Their names were not released as they are minors.

Police released a surveillance photo of the individuals involved in the incident, depicting three Black females, and said they are still searching for the third suspect.

The bus scuffle unfolded around 6:50 p.m. aboard a southbound Q53 MTA bus in the area of Jamaica Avenue and Woodhaven Boulevard in the Queens borough of New York City.

Three individuals approached a 57-year-old woman on the bus and hit her with an unknown object, leaving her with a laceration and bleeding, police said. 
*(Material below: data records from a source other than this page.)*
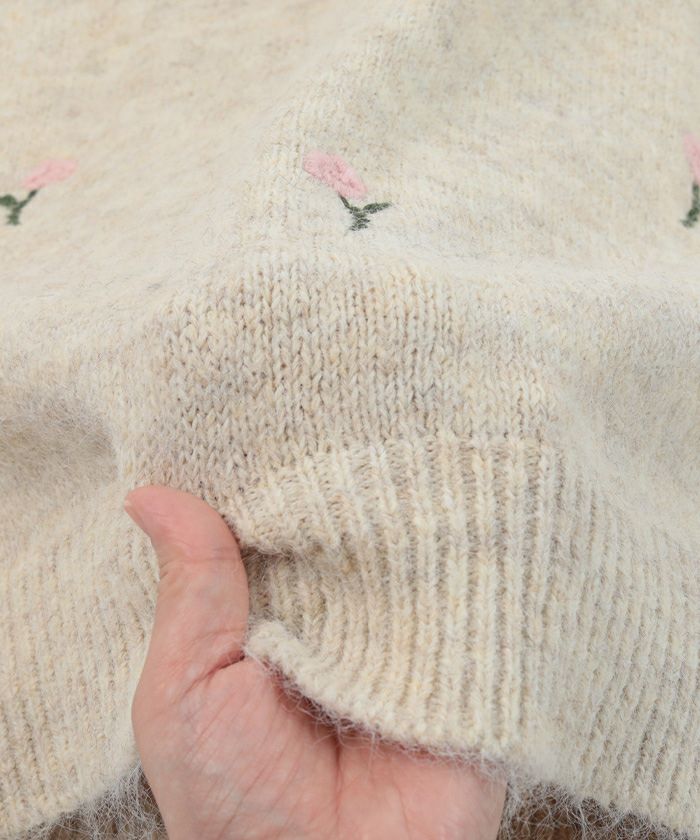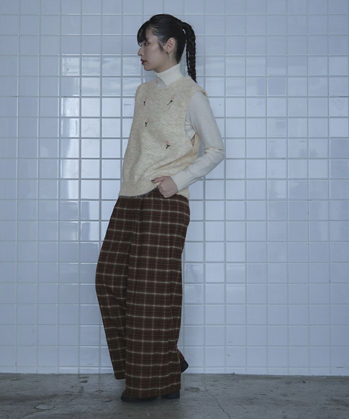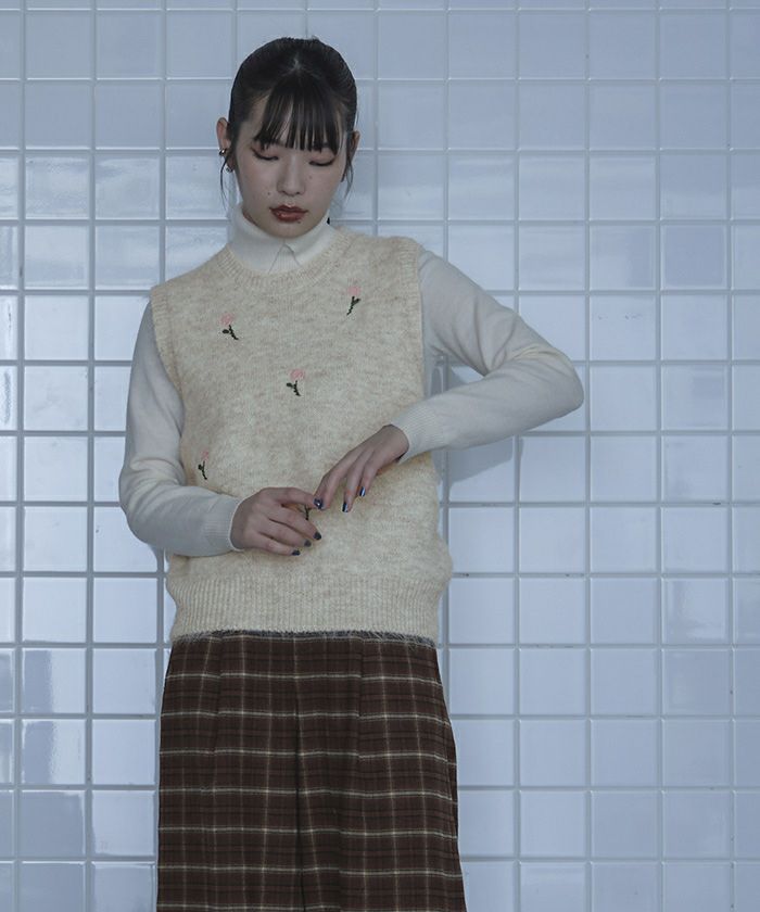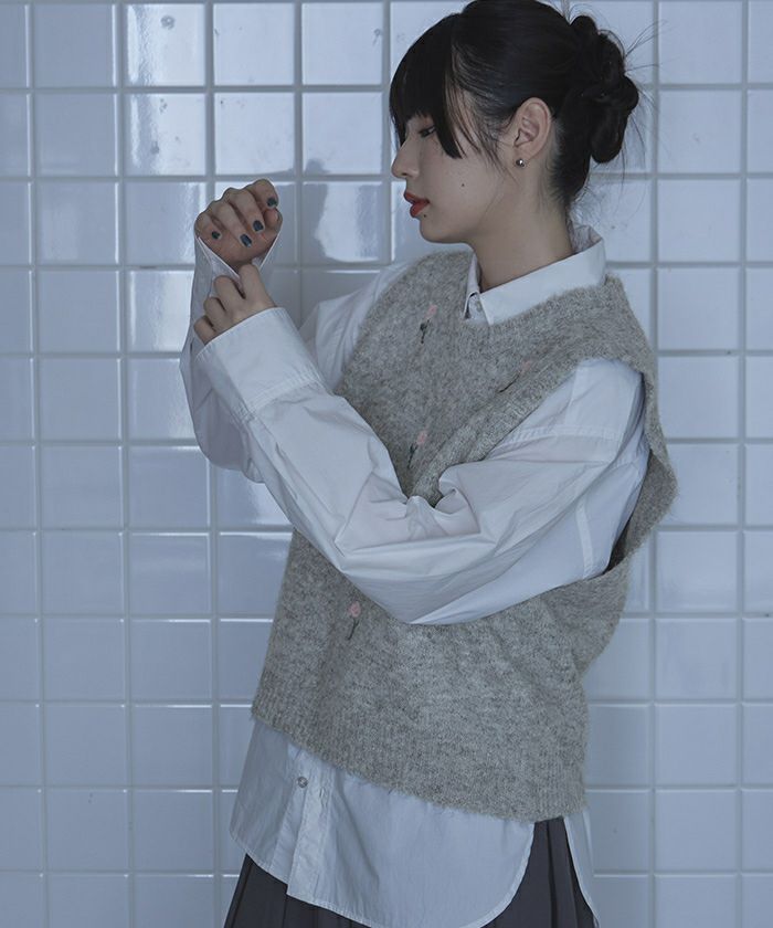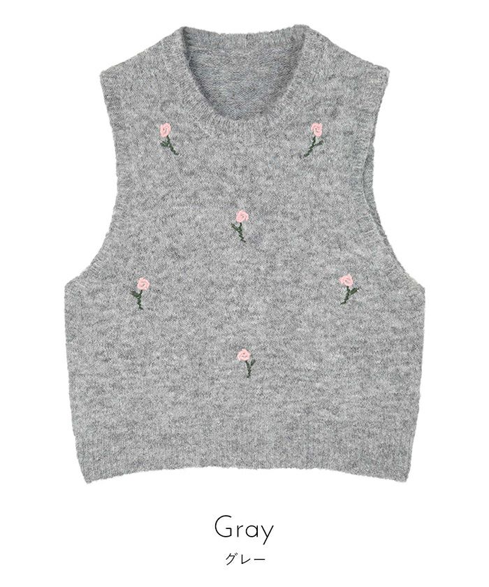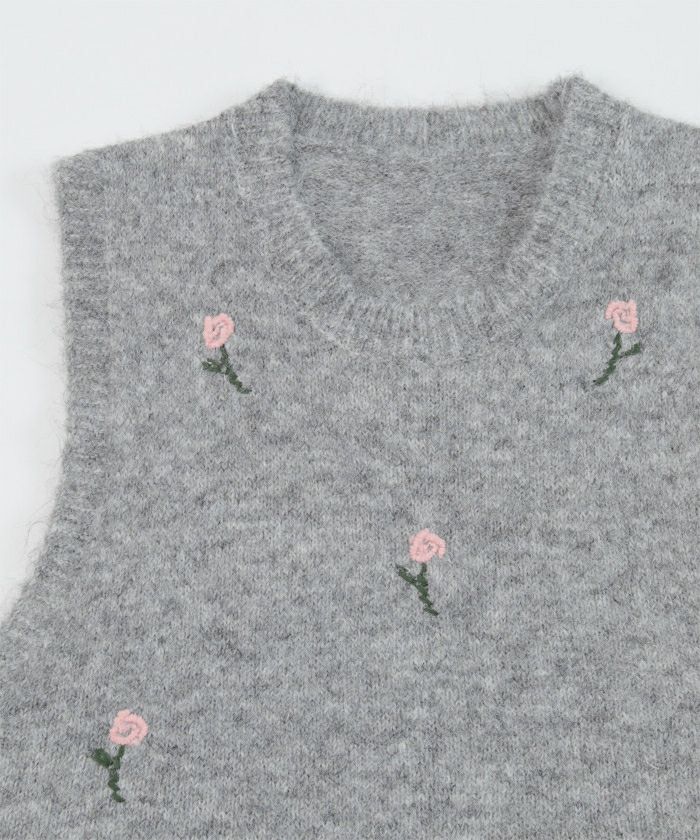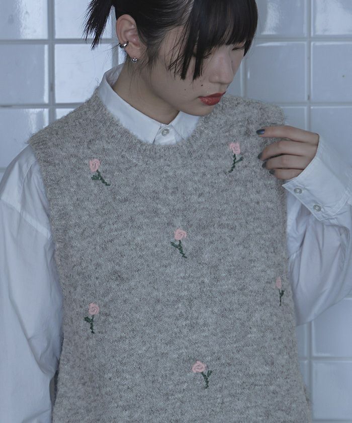 ・トレンド感のあるローズ刺繍がポイントのニットベスト
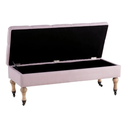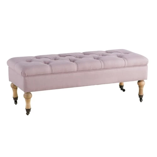 L’esprit boudoir s’invite chez vous avec la banquette coffre rose COLETTE. Découvrez ses courbes élégantes et raffinées, qui ajouteront une touche classique à votre intérieur. Ses pieds en bois naturel et son assise en lin capitonné s’harmoniseront avec délicatesse et originalité dans votre chambre. Son coffre de rangement très discret sera pratique pour y ranger tous vos objets du quotidien. Voyez la vie en rose !
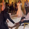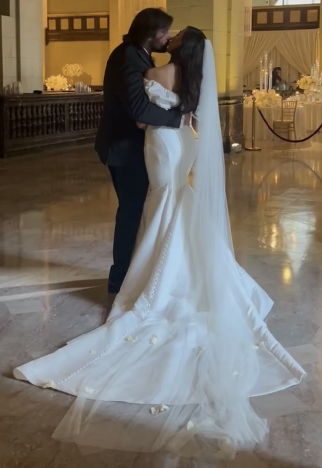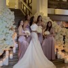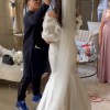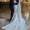 Sleek and classic fit and flare silhouette. This timeless gown features a curved draped neckline and dramatic, detachable off shoulder sleeves. Truly elegant….(including English netting cathedral length veil)
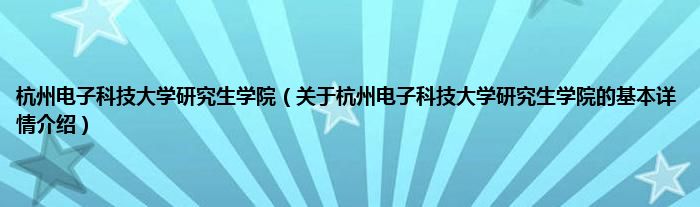 本文关于杭州电子科技大学研究生学院的基本详情介绍就讲解完毕,希望对大家有所帮助。
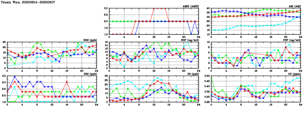 | Air Quality Data Time Series in Tsuen Wan (2020/06/17) | ( Line colors: Day -3 Day -2 Day -1 Current day ) | 2D Map Current AQHI |
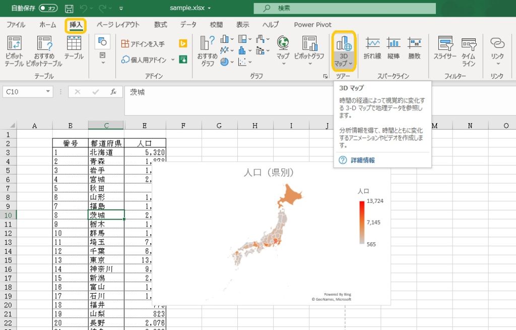 前回のマップグラフに引き続き、マップを使ったデータの表し方「3Dマップ」について、簡単に説明します。
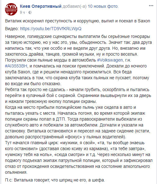 "Виталька остановился и пересел на заднее сидение (кстати, довольно распространённый "фокус" у пьяных водителей). Тут начался главный цирк: "мужики, я свой", "та, ты вообще знаешь кого остановил" (доставая свою ксиву из кармана), "та тебе завтра", "умножу тебя на ноль", "сюда смотри" и т.д. Через несколько минут на подмогу подъехал экипаж патрульной полиции, который и зафиксировал отказ от прохождения освидетельствования на состояние алкогольного опьянения", - сообщает ресурс.
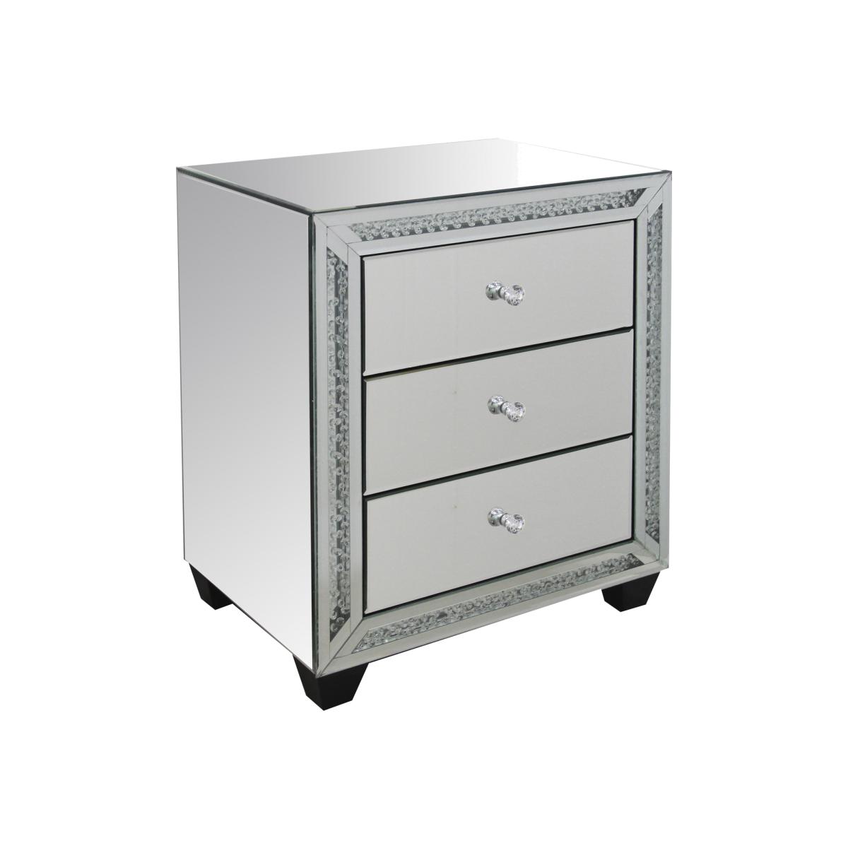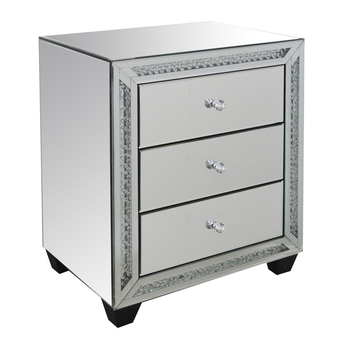 Aurora Crystal Mirrored Three Drawer Bedside Table
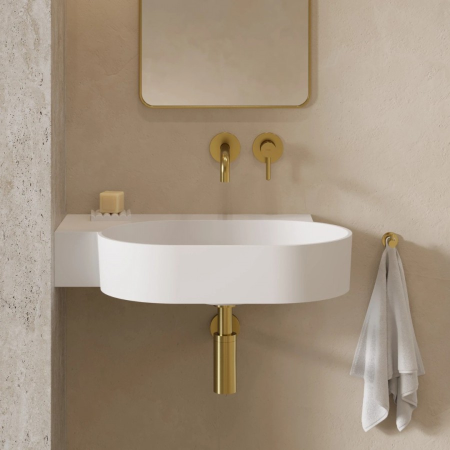 Starannie dopracowana forma umywalki, z perfekcyjnie wykończonymi bokami, zapewnia swobodę montażu i doskonały wygląd w każdej wersji. Zawieszona na ścianie lub w narożniku zachwyca nowoczesną lekkością, a ustawiona na blacie podkreśla wyrazistość i unikalny styl wnętrza. Jej kompaktowe gabaryty czynią ją doskonałym wyborem również do pomieszczeń o ograniczonej powierzchni.
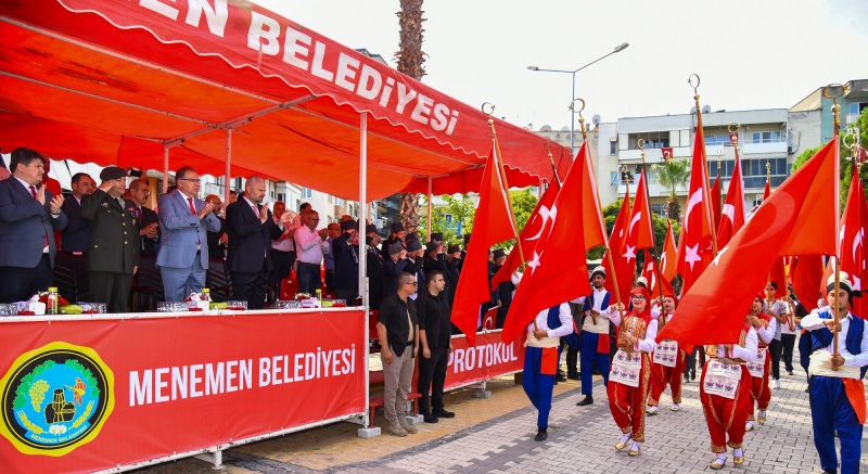 Konuşmanın ardından Menemen Belediyesi Halk Oyunları ekibi zeybek gösterisi sundu. Ellerinde Türk Bayrakları ile törene katılan Menemenliler de, Gazi Mustafa Kemal Atatürk ve mücadele arkadaşlarını bir kez daha sonsuz minnet ve saygıyla andı. Ardından Menemen’deki sivil toplum kuruluşları, kamu kurumları, çiftçiler, belediye araçları geçitte bir araya geldi.

The individuals then fled on foot and the woman was taken to Jamaica Hospital Medical Center in stable condition, where she received three staples on her head, police said. 

The incident was investigated by NYPD’s Hate Crime Task Force. 

A slew of hate crime incidents have been reported in the New York area over the past months.

So far this year in the Big Apple there have been 338 incidents and 360 arrests, according to the NYPD Hate Crimes dashboard, which records hate crimes and bias incidents motivated by a person's race, color, religion, ethnicity, gender, age, or sexual orientation.

In March, a 67-year-old Asian woman was punched 125 times in Yonkers, just north of New York City, and a man was later charged with attempted murder as a hate crime. In June, a woman was charged with hate crimes after she allegedly pepper-sprayed four women, who all identify as Asian, in New York City and told them, “Why don’t you go back to your country.”

The white gunman behind the May mass shooting at a grocery store in Buffalo, New York, that killed 10 Black people was also charged with federal hate crimes.